Herkesin eşit ve özgürce hakça ve Adalete birlikte yaşaması dileğiyle.

Hidayet Salçok

                                                                                              www.musabyasirozen.com.tr

Türk Futbolu

Türk Futbolu

Geçmişten günümüze üç büyükler olarak adlandırdığımız, Beşiktaş, Galatasaray, Fenerbahçe kulüpleri cumhuriyetimizden 15,20 yıl öncesinde kurulan çınar ağaçlarımızdır. Bu üç yüzü de kulüp arasında nice maçlar nice kupalar zaferler efsaneler Türk futboluna altın harflerle imzaların isimlerini yazdırmıştır. Baba hakkı, Süleyman Seba, Metin oktay, Turgay Şenerler, mehmetçik basri, Zeki Rıza Sporel, Ali Sami Yen, Şükrü Saraçoğlu, Lefter, can bartular adı sayamayacağım sayısız Sporcular Türk futboluna kazandırılmıştır. Bu üç kulübün arasındaki tarihi rekabete katılan Trabzonspor olmuştur şampiyonlığuyla altyapısından çıkardığı futbolcularla Türk futboluna kazandırılmıştır. Bunlara 1959 şampiyonluklarının sayıldığı 2023 yılına kadar Bursaspor ve Başakşehir futbol kulüpleri hegemonyalarına Son vermiştir. Bir o kadar üzücü bir olayda şu an Bursaspor içinde bulunduğu durumdur. Türk futboluna kazandırdığı nice yetenekli futbolcular bulunuyor, bunlar Sercan Yıldırım, Özan ipek, volkan Şen, Özan Tufan, Şener Özbayraklı ve adını sayamadığım bir çok futbolcu çıkarmıştır. Bunlar en ince konularca irdelenecek konulardır. Hemen hemen bahsettiğim kulüplerimiz şu an ekonomik sorunlarla boğuşmaktadırlar. UEFA nezdinde finansal Fair-Play anlaşmaları imzalamamakta bu kurallara uymayan kulüplerimize cezai yaptırım uygulanmaktadır.

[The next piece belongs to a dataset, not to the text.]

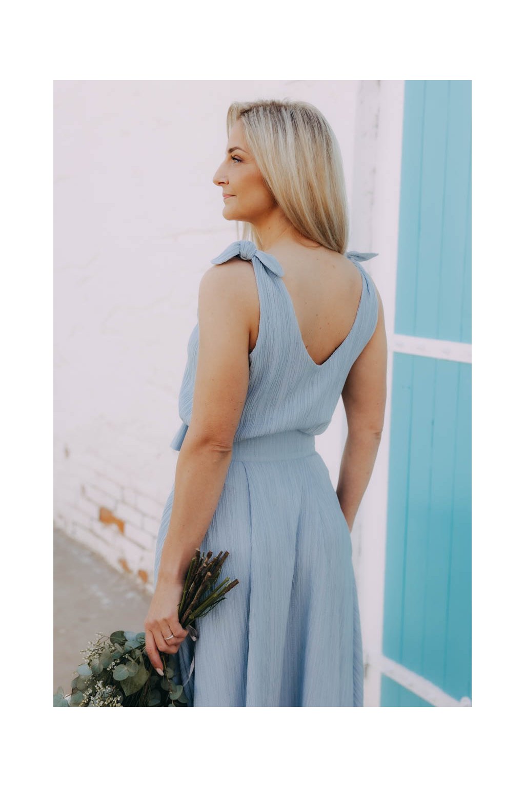 Top Abbaio zaujme hravými mašličkami na ramenou i nemačkavým materiálem. V kombinaci s áčkovou sukní Mawe utvoří dokonalý outfit pro každou svatebčanku.

Gündemimizi meşgul eden konulara gelecek olursak Fenerbahçe’nin 1959 öncesi şampiyonlukları, İstemesini gelirsek bence haklı olarak kabul görmesi gerekir. Sebeplerine değinirsek, Beşiktaş futbol kulübü 1957 ve 56 şampiyonluklarının verilmesi ve bahsettiğim efsane Türk futbolcularına Vefasızlık olur. Hem kendi aralarında bu maçları Yoksaymak tarihlerinede kara bir leke sürer. Göztepe Vefaspor, Altay 1959 önce hangi takımın şampiyonluğunu varsa o kulüplere bir hakkın teslim edilmeli bu konuda kurulan TFF Komisyonu bir an önce karara bağlamalıdır.

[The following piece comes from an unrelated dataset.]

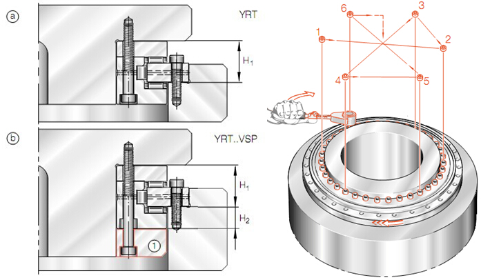 BRT(YRT)转台轴承 由一个推力/向心座圈,一个推力/向心轴圈,一个推力垫圈,两个滚针保持架组件和一组向心圆柱滚子组成。座圈和轴圈有均布的安装用螺钉孔。该型轴承具有高轴向和径向承载能力。高倾斜刚度和极高的精度。适用于回转工作台,卡盘和铁刀头以及测量和实验中的轴承配置。该型轴承对与之相配的设备零件的要求也较高。安装时需控制安装螺钉的扭紧力矩。

Bir diğer konuya değinecek olursak, ülkemizde yaşanan asrın felaketi olarak nitelendirilen 6 Şubat depremlerinin yaralarını sarmaya çalışırken tüm hayatını kaybeden yurttaşlarımızın mekanları cennet olsun. Yaralı olanlara Rabbim bir an önce şifa versin geride kalanlara sabırlar versin. Hiçbir yardım bu yaralara kabuk bağlamaz ama bir nebze olsun acılarını dindirmek adına bu üç güzide Türk futbol takımını ezeli rekabeti bir kenara bırakarak ezeli dostluk adı altında metin Oktay’ın jübilesinideki gibi formalar değiştirilip ya da fenerbahçeli futbolcular beyaz-siyah-kırmızı, Galatasaray, beyaz-lacivert-siyah, Beşiktaş ise sarı-lacivert, kırmızı formalarla buna Trabzonspor’u da dahil Edip renklerin dostluğu adı altında bir turnuva düzenleyip hem rekabeti bir kenara bırakıp futbolun birleştirici gücünü Türk futbolunun dünya kamuoyuna biz biriz demesi gerekmez mi? Tüm şahsi menfaatler bir kenara bırakılarak sadece hayatını kaybeden vatandaşlarımız için geride kalanları tekrar sevindirip tüm yardım gelirlerini depremzede vatandaşlarıma bağışlamak bence süper olur. Tüm fanatik taraftarların da hoşuna gidecek bir ömür boyu konuşup nesilden nesile aktarılacak bu fikri siz değerli okurlar sayesinde TFF ve kulüp yöneticilerine sunan bir an önce değerlendirilip onaylanmasını talep ederim.

Bizim Çocuklar

Bir diğer konuda Türk futbolunun gelişmemesinden hem hüsran yıllardır bunu ekran başlarında körükleyen spor yorumcularına ve spor yazarlarını soruyorum. Siz Türk futbolu için ne yaptınız konuşmaktan başka, tabii ki bunu söylerken balık baştan kokar misali ile konuya giriş yaparsak herkes bildiği işi yapsın kastıyla konuşuyorum. Futbolu, futbolu bilenler yönetmeli buna nasıl bakalım bir manav, fırıncı ve yahut Kasap gelip teknik direktörlük yapabilir mi tabii ki yapamaz niye çünkü antrenman bilgisi yok taktik strateji bilmeden teknik direktör olunmuyor.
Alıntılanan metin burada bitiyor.